Compilation album by Destiny's Child
- Released: January 25, 2013
- Recorded: 1997–2012
- Genre: R&B
- Length: 63:31
- Label: Columbia

Destiny's Child chronology
| Playlist: The Very Best of Destiny's Child (2012) | Love Songs (2013) | Destiny's Child Video Anthology (2013) |

= Love Songs (Destiny's Child album) =

Love Songs is the third compilation album by American R&B girl group Destiny's Child, released on January 25, 2013 through Columbia Records. The album differs from their first two compilations in that it features mostly album-only selections as well as the newly recorded song "Nuclear", the first original song from Destiny's Child since the group disbanded in 2005. The album cover is based on the single artwork from the group's 2004 single "Lose My Breath".

==Development==

Sometimes you get songs where the verse is already written or the chorus is already written, so when I came in the chorus wasn't written so Bey was like "Girl, you gone have to write a bridge!" I was like "Okay!", so that's fun where you can have a contribution...
— Michelle Williams talking to MalcolmMusic about the conception of "Nuclear"

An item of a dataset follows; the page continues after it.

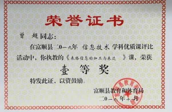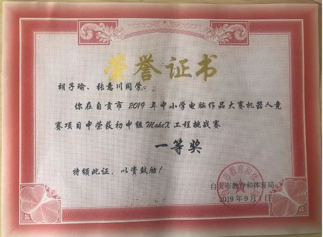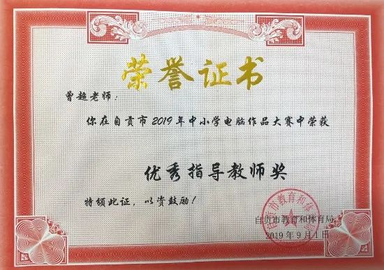 學(xué)生獲2019年四川省中小學(xué)電腦制作活動(dòng)機(jī)器人競(jìng)賽省二等獎(jiǎng)1項(xiàng)、三等獎(jiǎng)2項(xiàng)。

Destiny's Child was formed in Houston, Texas in 1990, and its final line-up consisting of Beyoncé Knowles, Kelly Rowland and Michelle Williams dismantled in 2005. Their reunion was rumored over the years. In July 2012, Mathew Knowles, Beyoncé's father and the group's manager, confirmed that Destiny's Child still have their joint venture with Sony Music and would be releasing two "records with new material". The first was Playlist: The Very Best of Destiny's Child, which was released in October 2012. Knowles announced via her official website on January 10, 2013, that a compilation featuring new music entitled Love Songs, which would be the group's first album in over eight years, would be released. She posted its official artwork, "I am so proud to announce the first original Destiny's Child music in eight years." It contains one new song entitled "Nuclear", which was produced by Pharrell Williams.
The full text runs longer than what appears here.